The estimated half-life is: 30 hours (mammalian reticulocytes, in vitro).
>20 hours (yeast, in vivo).
>10 hours (Escherichia coli, in vivo).
Instability index:
The instability index (II) is computed to be 54.80
This classifies the protein as unstable.
Aliphatic index: 82.43
Grand average of hydropathicity (GRAVY): -0.244
Design Notes
It is a minimal gene cluster that can achieve nitrogen fixation when it is heterogeneously expressed. Therefore, it can serve as a “ nitrogen fixation module” and be introduced into non-diazotrophs to confer them with nitrogen fixation capacity.Benefit from its compact structure (nine genes) and relatively small size (10.5 kb), it can facilitate relevant genetic manipulation. We sent the sequences to synthesis, but unfortunately, EcoRI and PstI striction enzyme cut site was involved after they promoted it again. But the part can be manipulated by XbaI and SpeI or can be assembled by gibson assembly,that is what we did.
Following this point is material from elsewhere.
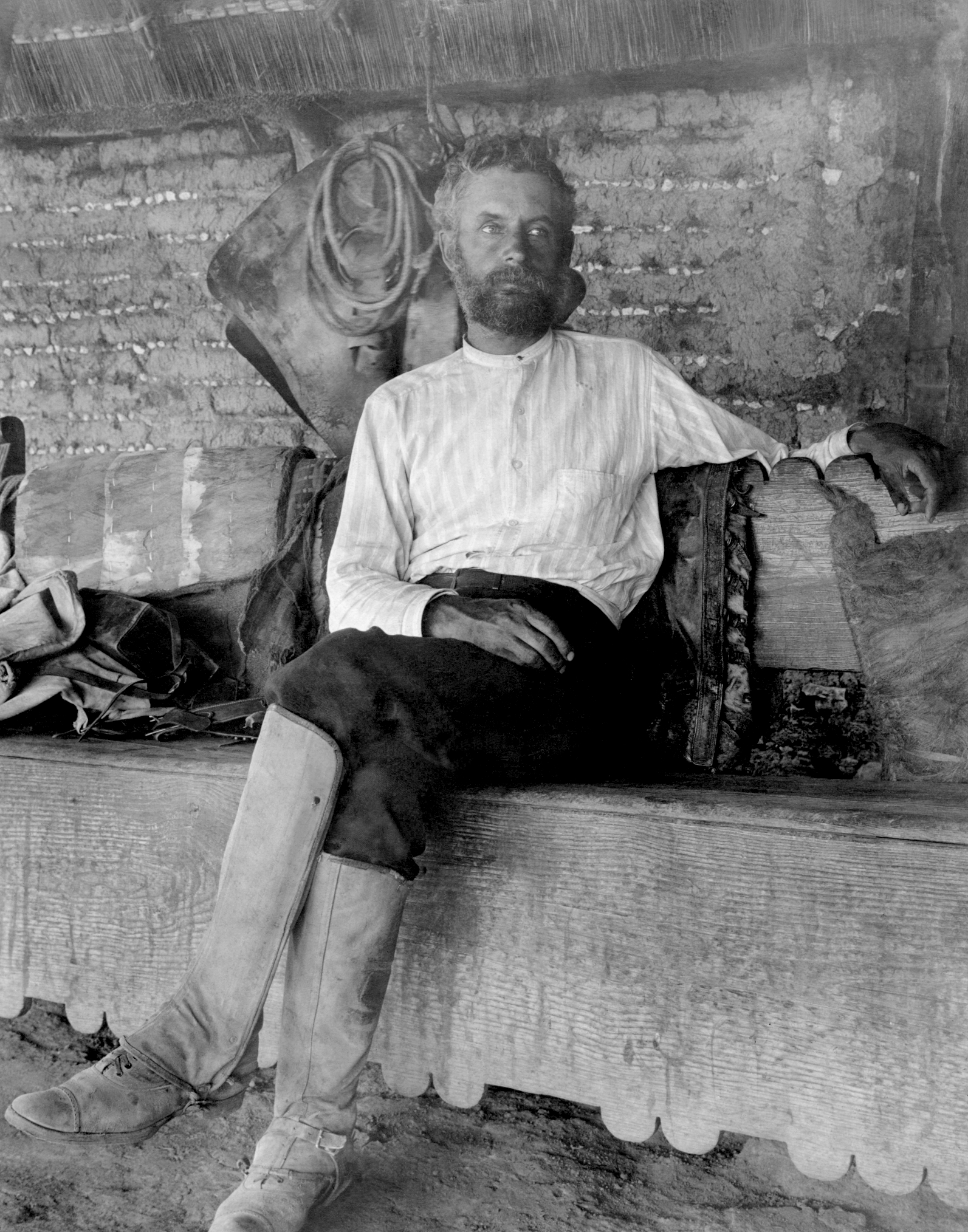 Edward William Nelson

Nanjing_China 's Measurement: Expression efficiency of Pnif
To make sure the expression efficiency of the nif cluster, at first we want to measure the feature the nif promoter. So we recombine the Pnif(nif promoter) with the gene of fluorescent protein Dronpa with Pnif to investigate the activity of Pnif tanscription activity. And we choose the T5 (IPTG Inducible) Promoter BBa_M50075 as a positive control.
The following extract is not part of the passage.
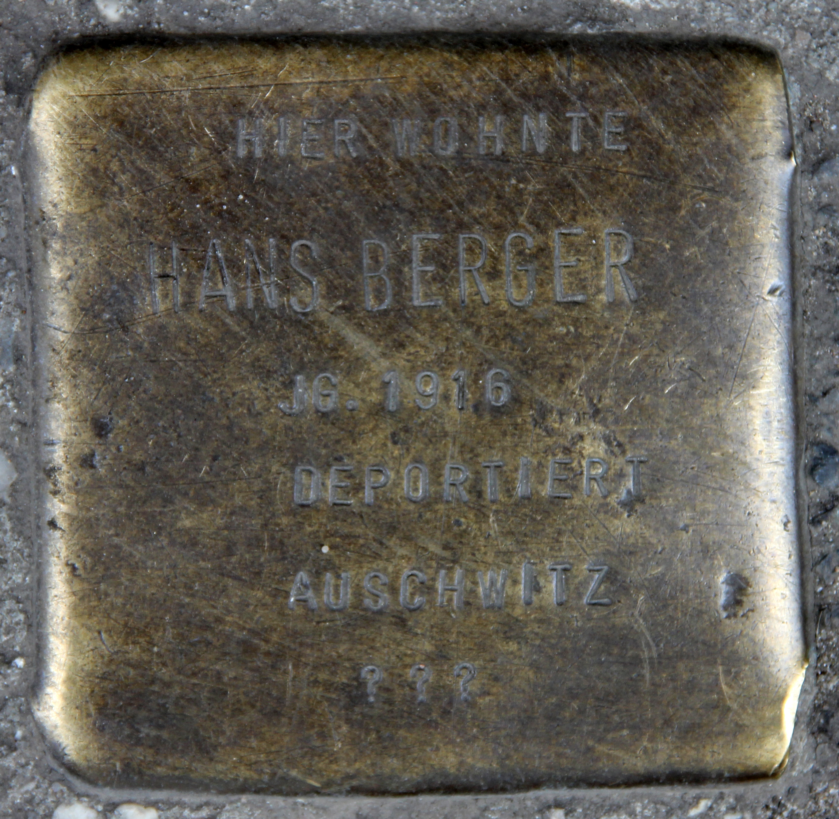 "Stolperstein" (stumbling block), Hans Berger, Mariannenstraße 34, Berlin-Kreuzberg, Germany

Comparison of the expression efficiency of Pnif and T5 (IPTG Inducible) Promoter.
T5 (IPTG Inducible) Promoter BBa_M50075; Pnif: nif promoter BBa_K1796001.
Improve:Confirmation of Expression of Nitrogen Fixation Gene Cluster
Based on the existing part complete line of nif cluster, BBa_K1796015, which contains essential components for nitrogen fixation: nif Promoter, nifB, nifH, nifD, nifK, nifE, nifN, nifX, hesA, nifV from the Paenibacillus sp. WLY78. We choose a new nitrogen fixation gene cluster from more common strain Paenibacillus polymyxa CR1, to comprise the nitrogen fixation system in our project.
In our this year’s project, we intends to establish a sound and ideal whole-cell photocatalytic nitrogen fixation system. We use the engineered E. coli cells to express nitrogenase(Fig 1) and in-situ synthesize of CdS semiconductors in the biohybrid system. Instead of ATP-hydrolysis, such system is able to photocatalytic N2(nitrogen) to NH3(ammonia). The biohybrid system based on engineered E. coli cells with biosynthesis inorganic materials will likely become an alternative approach for the convenient utilization of solar energy.